A/N: hellooooo people! yay, i updated! go me, especially, cus i've been sick the last week, and i have been fiddling with all sorts of stuff, and it was just too much to bear inside my head, so my dear readers of this fic had to wait so detestily long: forgive me! now i'll stop the ramble, and if you want a disclaimer, it's on every story with a disclaimer:)
I had been thinking that getting back home, back to Transylvania, back to Vaseria, had been my biggest need, but it pulled in my heart for me to join the Knights. No more waiting home for some husband who never came. Surely it was hard to loose Ronan, but the longing to forget that he had ever touched my heart, and as he died, taken that part of my heart away with him, I wanted to forget, and found myself even more attracted to forget the past, to drown it out, somehow. That, and I was missing Vlad dreadfully. And sitting 16 years at some place I Poland alone, playing a nice wife, really made me feel I needed to get out now.

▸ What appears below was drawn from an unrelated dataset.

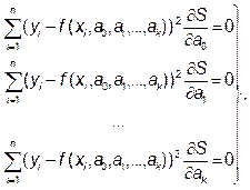 Рис. 1. Геометрическая интерпретация метода наименьших квадратов Если параметры ai входят в зависимость Y = f (x, a 0 a 1,..., ak) линейно, то получим систему из k -линейных уравнений с k неизвестными:

The more I thought of it, the more I got hot on the idea of me joining the knights, hell I had even heard woman started to join, so why shouldn't I? and even though I hadn't thought of it at the time, I was doing this for Vlad, to win him back, if it was so that I had lost him.
"You want to enrol?" drawled Cardinal Charram looking sourly at me.
"Yes, father. I've heard of other similar cases-"
"Special cases, miss Cassandra. Not just any woman can enrol because they think that they can wield a sword, but hasn't even the guts to kill a mouse," he said in his roman accent, sounding as though he knew better: sounding as though women were nothing but lovers and housewives, and God how he were wrong.
"Then you do not know me, father," I said with an utmost deference tone.
"Perhaps not, miss Cassandra, but I do know that I can not simply allow you in," he said shortly. "Now, if you will excuse me, I have mass to attend," he said, as if it cleared it all.
He left me in his office to think of other possibilities of getting into the Order.
I knocked on the door to Vlad's room, and was met by a very surprised young man in his twenties, wearing nothing but his underwear, his hair as unruly as a bird's nest and had a "five o'clock"-shadow on his chin. This young man was supposed to look like Vlad, but a minute I was sure this must be his unknown, messy twin brother. He opened his mouth to speak but his words were caught in his throat.
"Hi," I said, purposely sounding pleasantly surprised.
"Cass!" he finally said with a nervous grin, trying to cover himself, but quickly giving up as there would be no way for me to un-see him in underwear.
"Cass, I… I expected you here some time… but I also expected that you would send word ahead and uhh," he said as he scratched himself behind his ear and looked at me with a sheepish grin, "And, uhh, warn me," he said, the sheepish grin spreading all over his face.
"Oh… I'm sorry Vlad but I need your help," I said.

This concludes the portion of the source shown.